I've never accused him of being concise and clear, or having a point.

Why can't we all just get along?

Am I supposed to sob in horror at the idea of replacing humans with soulless automata instead?

Well, it's less humans, and more you in particular. It's also less about sobbing in horror, and more about whether you see much of a difference between the two cases. I think the question is interesting given Rat ideas on uploading consciousness.

There's about a zero percent chance that Hlynka doesn't know about my enthusiasm for the potential of mind uploading, with me seeing such an emulation of a human mind as equivalent in every way that matters to me as the same as a biological human.

That is not the same as replacing a human with a LLM trained on the corpus of their text, with outputs indistinguishable from the human.
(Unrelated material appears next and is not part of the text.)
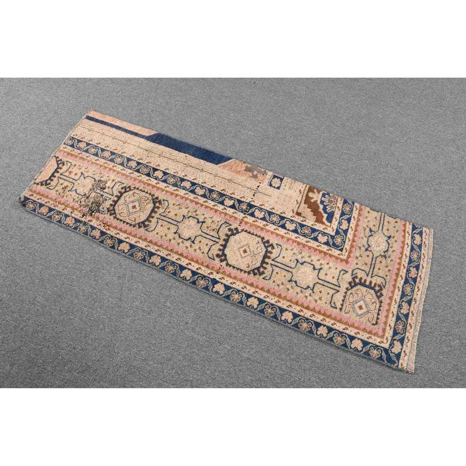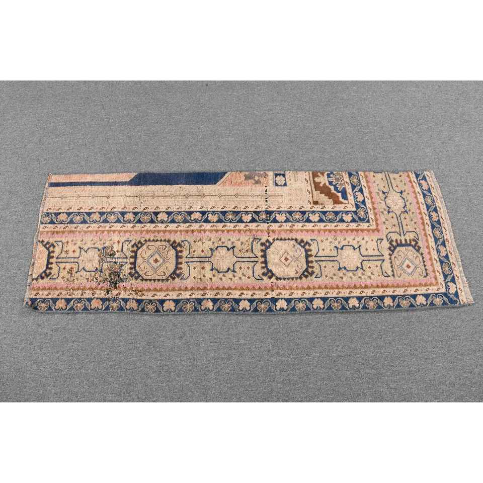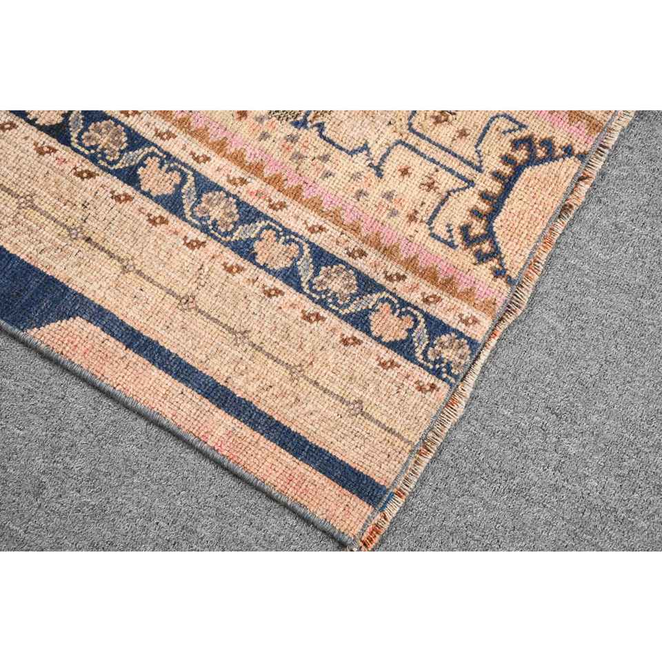 Alfombra Turca Vintage Pequeña de 1.6x4.3 pies, Alfombra Marroquí Azul de Lana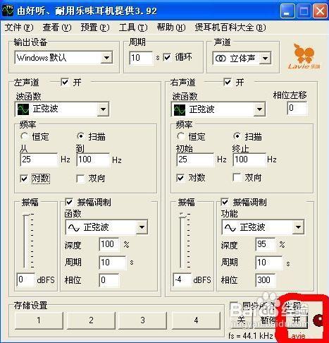 3、首先按照顺序设置低音域设置,然后点击开。将耳机插到电脑耳机孔。然后调整音量大小(音量不要太大,和平时听歌声音差不多即可)。另外煲机并不是一个固定值个人可以给你一个建议,就是听一下该音域声音是否满意,不满意煲机3到4个小时左右,然后再听听效果,以此类推等该音域流畅了,再进入下一音域(新耳机煲机要比较久,声音干涩的话第一阶段可以放久一点8个小时左右,然后再间隔试听)。

You'd need to do way more to establish it as a high fidelity replication of the original consciousness, even if I think in principle it's doable.

I don’t know that it is, and I think in time we’ll come to understand that training an advanced LLM on our personalities and actions is ‘mind uploading’ in the science fiction sense.

I agree that in principle, it is possible to emulate a complex system to within the limits of observation and random error by treating it as a blackbox and then training on its outputs or response to stimuli.

After all, in ML, that's already a thing in the form of teacher-student distillation, where you train a new neural net to be indistinguishable from another by feeding it the latter's outputs.

I still don't think that just training on a corpus of text written by a human is sufficient to reproduce said human, maybe if you had an enormous amount of video, audio and other biometrics. It's arguably better than nothing as a form of immortality, but I personally expect more. If it can be demonstrated that such a technique is somehow equivalent to mind uploading via scanning, then I'll have no objections.

I agree there are some important multimodal steps left, but they’re all happening pretty quickly. I think people will be stunned how well they can be captured just by training on their linked social media and text message data when that becomes easily available. Since most people are very similar, and even ‘personality quirks’ are often repeated, it’s likely that the tuning required is less than one might expect. Personalities aren’t actually very unique.